Problem: Here is the task for the records below: repeat exactly the lines from the one with "美國埃克森石油公司所屬的這座" to the one with "knusprige gebackene Garnelen", both included, and nothing else.

Provided information:
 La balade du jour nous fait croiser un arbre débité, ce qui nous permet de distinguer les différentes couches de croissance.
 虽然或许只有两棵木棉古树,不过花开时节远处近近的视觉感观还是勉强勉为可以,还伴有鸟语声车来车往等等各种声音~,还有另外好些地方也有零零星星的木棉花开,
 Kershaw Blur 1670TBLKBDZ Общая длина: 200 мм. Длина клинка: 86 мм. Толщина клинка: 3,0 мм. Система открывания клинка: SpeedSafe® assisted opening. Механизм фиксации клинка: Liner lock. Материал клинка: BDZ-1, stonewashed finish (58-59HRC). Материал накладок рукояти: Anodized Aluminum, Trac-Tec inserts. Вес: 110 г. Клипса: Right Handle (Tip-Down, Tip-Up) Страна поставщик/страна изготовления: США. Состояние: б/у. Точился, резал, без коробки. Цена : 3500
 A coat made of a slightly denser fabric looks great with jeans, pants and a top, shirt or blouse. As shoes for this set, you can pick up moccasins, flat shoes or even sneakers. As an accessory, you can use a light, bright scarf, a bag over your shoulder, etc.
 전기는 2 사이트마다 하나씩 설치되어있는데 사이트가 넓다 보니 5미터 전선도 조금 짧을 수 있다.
==
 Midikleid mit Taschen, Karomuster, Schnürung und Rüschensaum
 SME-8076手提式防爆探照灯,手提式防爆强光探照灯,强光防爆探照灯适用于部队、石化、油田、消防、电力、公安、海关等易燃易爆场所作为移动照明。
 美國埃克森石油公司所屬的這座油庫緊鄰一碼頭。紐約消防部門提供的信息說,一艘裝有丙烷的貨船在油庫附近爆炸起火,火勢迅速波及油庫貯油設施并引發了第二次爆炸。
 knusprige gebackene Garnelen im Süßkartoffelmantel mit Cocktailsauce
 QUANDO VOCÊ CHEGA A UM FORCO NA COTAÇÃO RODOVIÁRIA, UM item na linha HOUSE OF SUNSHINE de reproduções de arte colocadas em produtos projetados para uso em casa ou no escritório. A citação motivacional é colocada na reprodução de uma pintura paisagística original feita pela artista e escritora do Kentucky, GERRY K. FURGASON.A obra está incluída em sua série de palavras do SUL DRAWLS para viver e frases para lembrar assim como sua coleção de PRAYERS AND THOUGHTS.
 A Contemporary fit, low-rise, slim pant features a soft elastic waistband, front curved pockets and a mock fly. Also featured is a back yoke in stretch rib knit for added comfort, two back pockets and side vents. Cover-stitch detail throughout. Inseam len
==
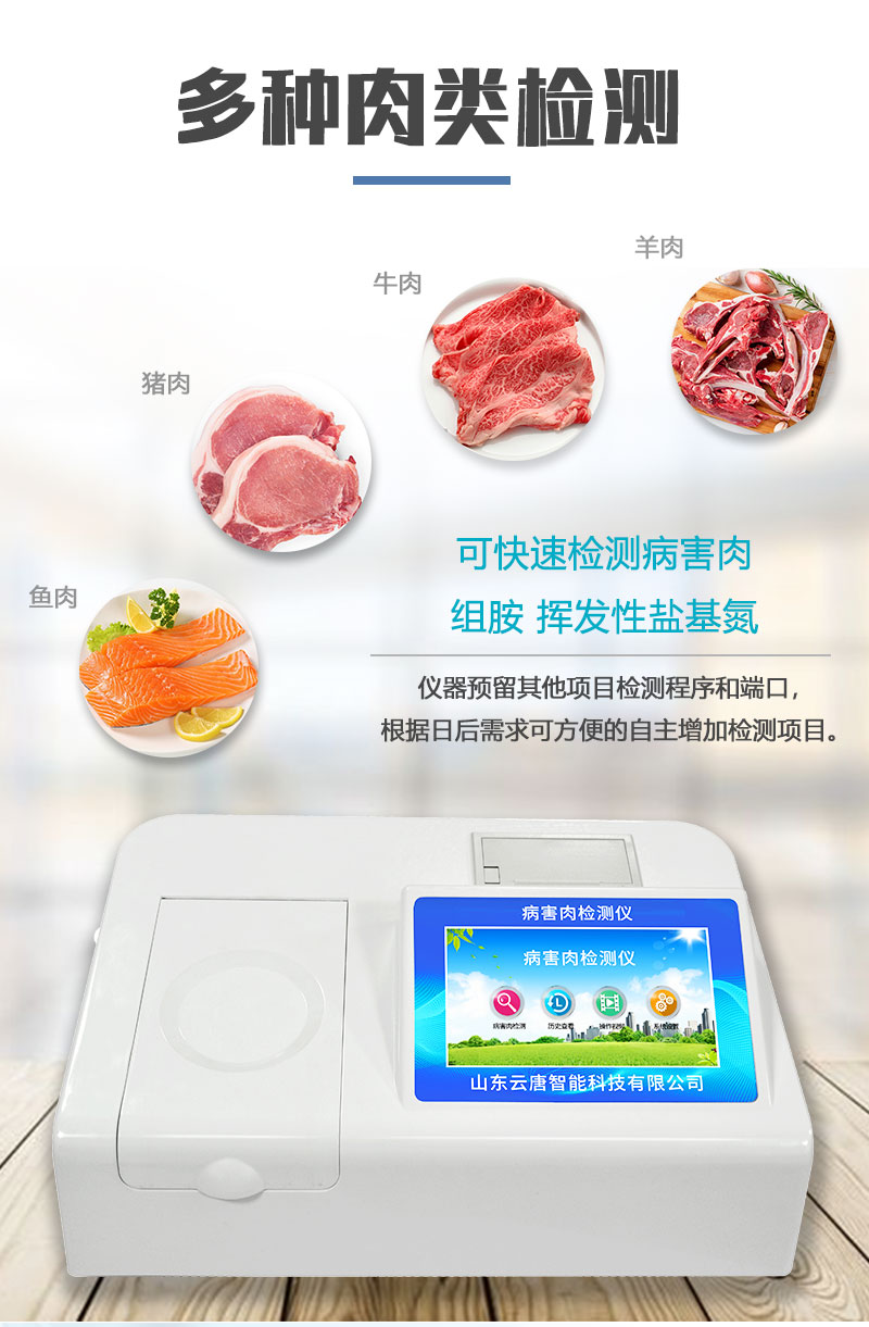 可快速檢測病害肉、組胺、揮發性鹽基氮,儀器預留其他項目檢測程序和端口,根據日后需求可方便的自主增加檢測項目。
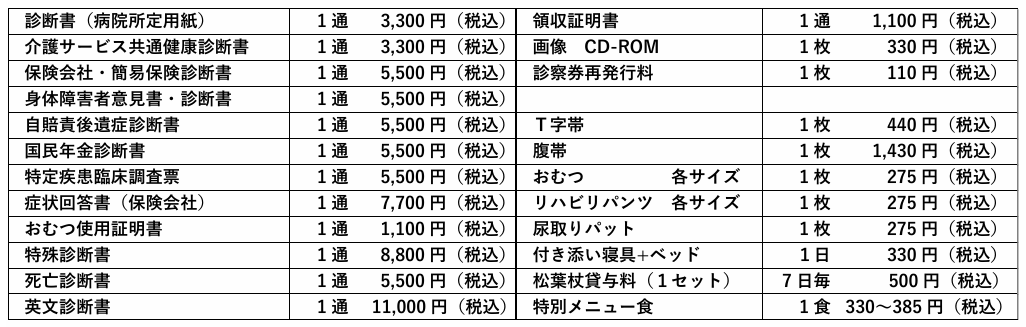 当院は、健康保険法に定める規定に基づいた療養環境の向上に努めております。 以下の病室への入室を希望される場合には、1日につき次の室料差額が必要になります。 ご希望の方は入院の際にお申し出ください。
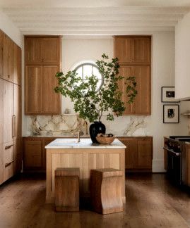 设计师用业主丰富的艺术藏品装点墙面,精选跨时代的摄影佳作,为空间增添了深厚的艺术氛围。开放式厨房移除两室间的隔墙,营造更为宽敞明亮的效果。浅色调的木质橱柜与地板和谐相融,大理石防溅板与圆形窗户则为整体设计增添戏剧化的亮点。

Answer section:
 美國埃克森石油公司所屬的這座油庫緊鄰一碼頭。紐約消防部門提供的信息說,一艘裝有丙烷的貨船在油庫附近爆炸起火,火勢迅速波及油庫貯油設施并引發了第二次爆炸。
 knusprige gebackene Garnelen im Süßkartoffelmantel mit Cocktailsauce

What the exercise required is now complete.